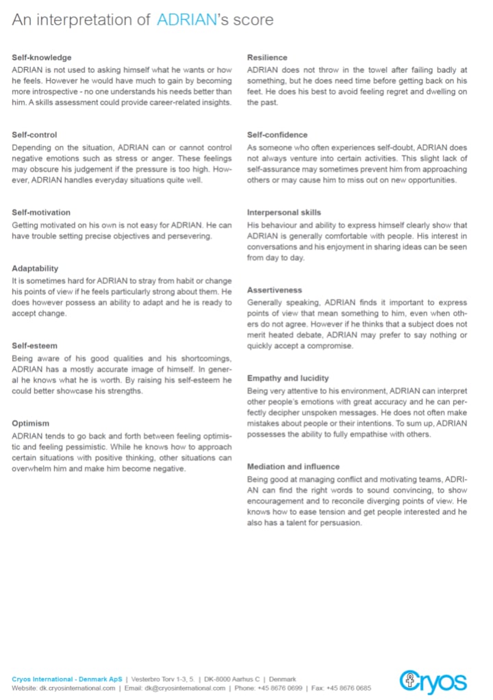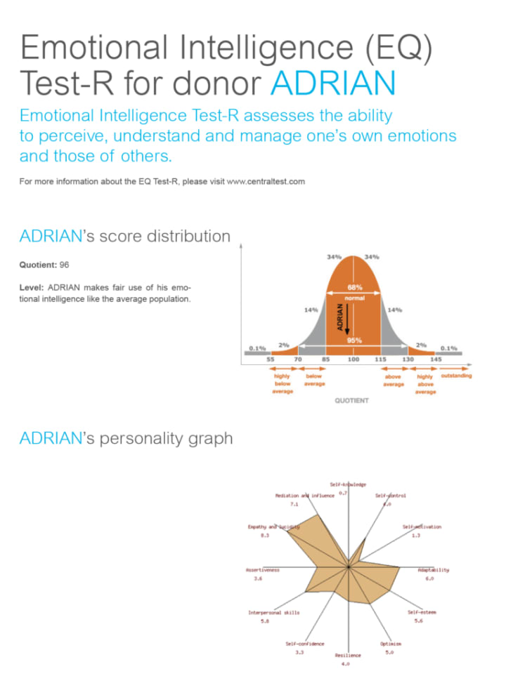 In the broadened profile of the donor most often appear the results of a personality test to identify his temperament is empathic? does he trust him? Is he booked or extroverted? rational or intuitive? Presented in the form of scores, curves, star graphs, the results facilitate the comparison between the donors. The use of a numerical language locating the person in relation to the “average” as well as the identification and the commentary of strengths and weaknesses express an evaluative intention which is based on a reference norm, that of a balanced masculinity, never explicitly defined. With this psychological information, the banks encourage their clients to see the donor as a person in their own right whose competition goes beyond the sale of biological material: because it embodies a human profile associated with its gametes, choose the “right partner” is crucial. According to the banks’ marketing discourse, the client/donor relationship must be thought of as a matching link whose issue goes beyond the sale of reproduction cells alone [1].
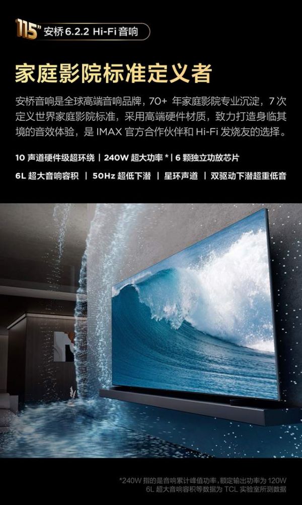 为此之前还做过一些功课,投影仪在视听上俨然已经没办法满足豪宅人群对极致视听体验的需求,然而目前市面上主流的98吋以及100吋电视在尺寸上缺少了能够凸显身份地位的稀缺感以及视野上的极致感, 音画配置上和大尺寸相比,也并没有做到同样极限的升级,最后发现都没有满意的,直到昨天在TCL发布会上看到它家最新推出的全球最大Mini LED电视,同时也是全球第一台20000+级分区QD-Mini LED电视——115"X11G Max,从尺寸、画质以及音质上看,都远超我的预期。
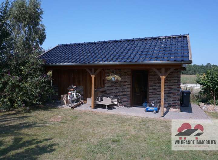 Das ca. 1.402 m² große Grundstück ist geschmackvoll, modern und pflegearm angelegt. Die ca. 35 m² große Terrasse am Haus mit Westausrichtung ist größtenteils überdacht. Eine Besonderheit des Anwesens ist sicher das massive Nebenhaus mit ca. 24 m² Fläche und einem nutzbaren Spitzboden. Es passt optisch in punkto Fassade und Dach ausgezeichnet zum Haupthaus und hat richtig viel Platz zum Einrichten einer Werkstatt sowie als Abstellfläche für Fahrräder und Gartengeräte. Direkt daneben ist die Partyoase mit einem Holzhaus mit Terrasse und einem angrenzenden gepflasterten Bereich für eine Feuerschale.
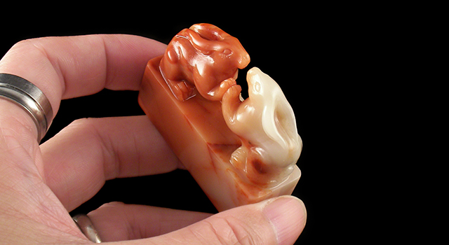 【石質】:壽山老性芙蓉石,石種石。此件壽山芙蓉石,質地溫潤緊密,細嫩妍美,神彩煥發,花紋俱佳,其紅處妖嬈,絲紅獨具特色,章體外表光滑明亮凝潤,凝結潤雅,質細地凝,入手潤臘,備受藏家喜愛,質地其實照片基本看的出、作品無瑕疵具體看圖、其他請君自鑒賞折。
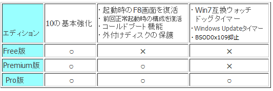 フル機能を提供する有償版です。Windows7からの移行にあたり最も深刻な問題となるブルースクリーンエラーDPC_WATCHDOG_VIOLATION(0x133)の回避機能実装を提供します。
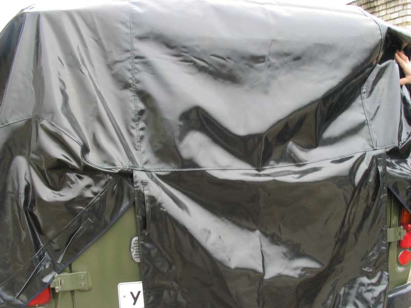 Тент черного цвета, цвет по заказу любой, ткань с односторонней пропиткой или с двусторонней пропиткой. Так же сказали, что вставляют стекла в тент
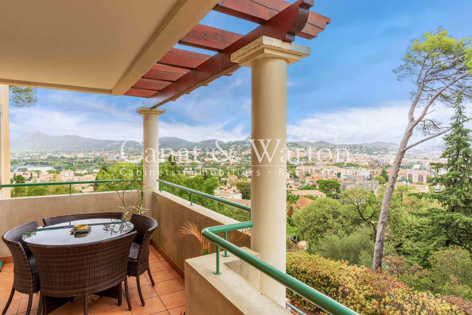 Hyères entre mer et ville, très jolie vue dégagée, au sein d'une residence de bon standing, appartement T4 de 97m² donnant sur terrasse de 12m² comprenant entrée, séjour, cuisine ouverte, 3 chambres dont une avec sa salle d'eau et son dressing, une salle de bains, une cave et un garage double. A 5 minutes des plages, gare et commodités. A 10 minutes de l'aéroport.
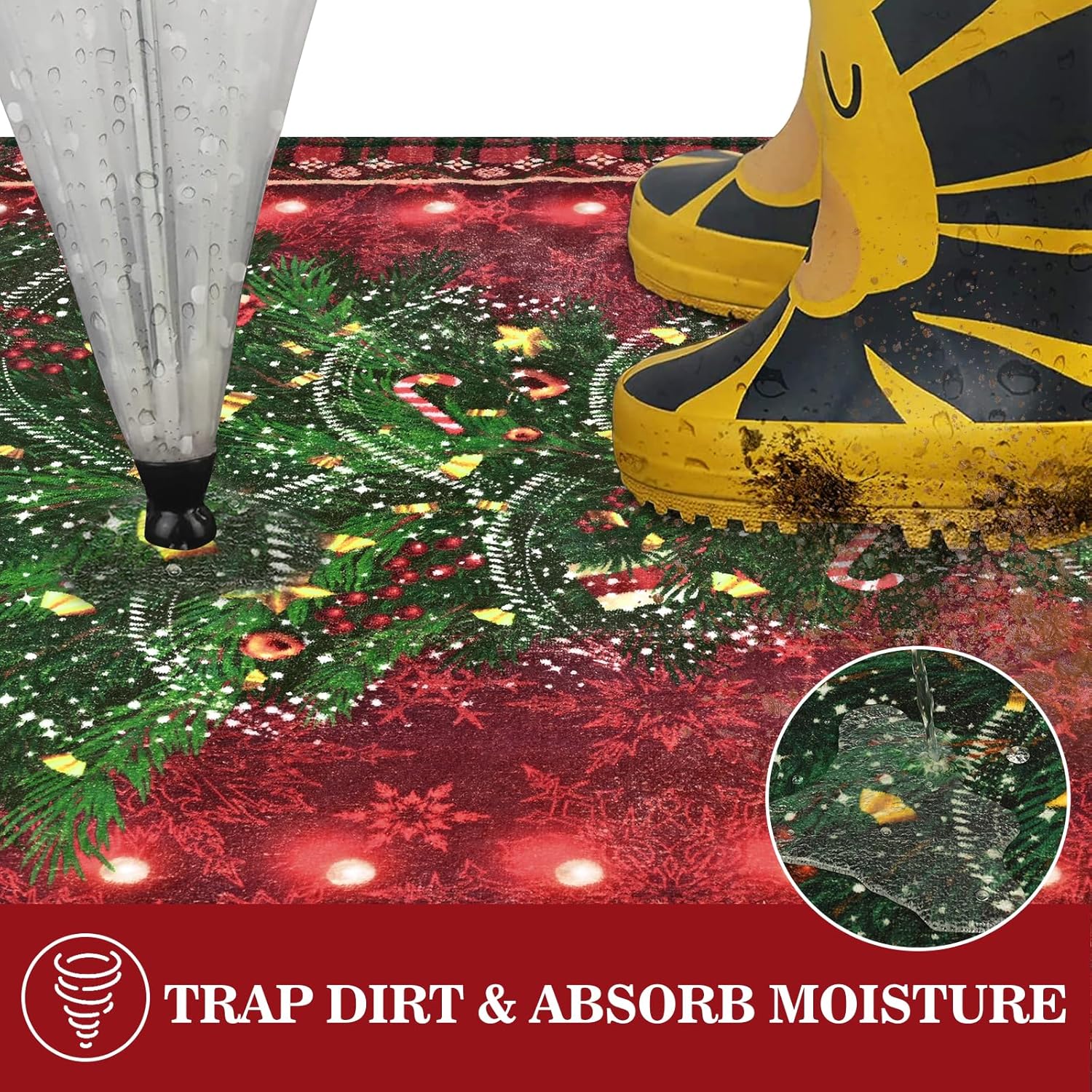Antideslizante: la alfombra de Navidad para dormitorio está hecha de goma TPR antideslizante, esta alfombra se mantiene firmemente en su lugar en laminado, madera y otras superficies lisas del suelo, reduciendo el riesgo de resbalones y caídas mientras protege tus suelos de arañazos
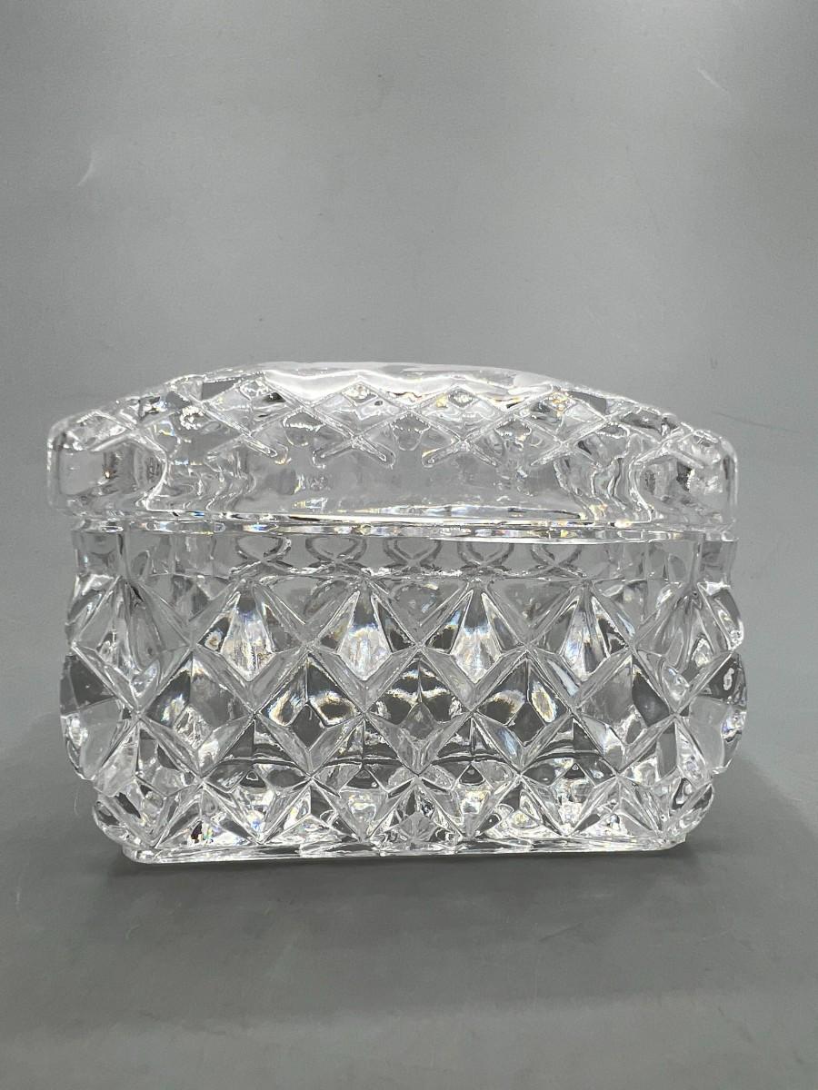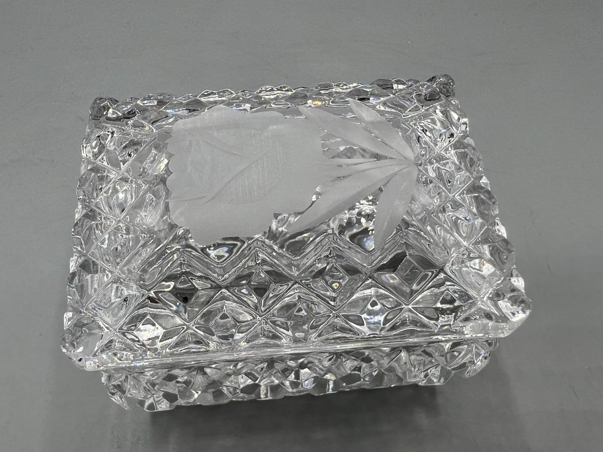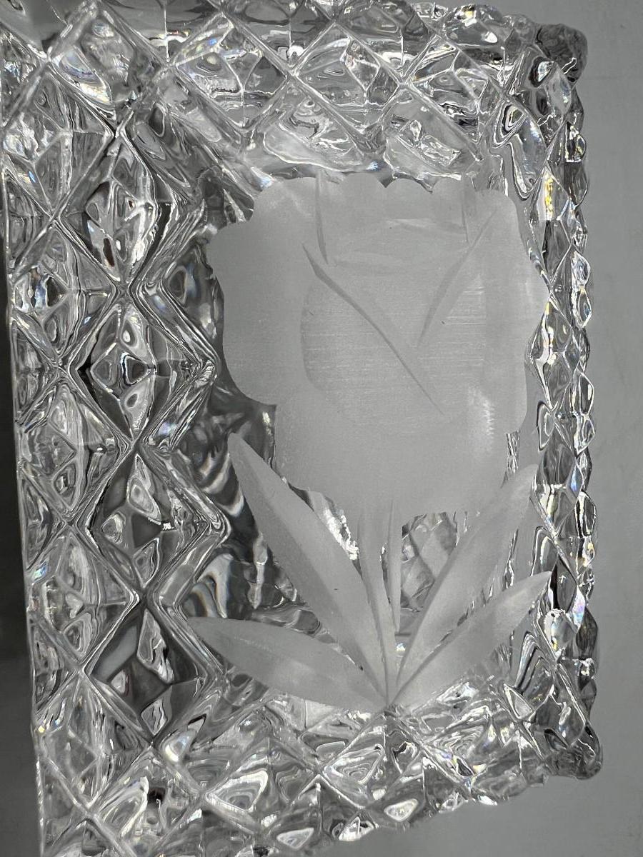 Vintage Diamond Cut Frosted Rose Crystal Glass Lidded Trinket Dish Jewelry Box. In good condition.

·····

Restate word for word each line from the one containing "Antideslizante: la alfombra" through the end of the material, pictures excluded.

Reply to the exercise:
Antideslizante: la alfombra de Navidad para dormitorio está hecha de goma TPR antideslizante, esta alfombra se mantiene firmemente en su lugar en laminado, madera y otras superficies lisas del suelo, reduciendo el riesgo de resbalones y caídas mientras protege tus suelos de arañazos
 Vintage Diamond Cut Frosted Rose Crystal Glass Lidded Trinket Dish Jewelry Box. In good condition.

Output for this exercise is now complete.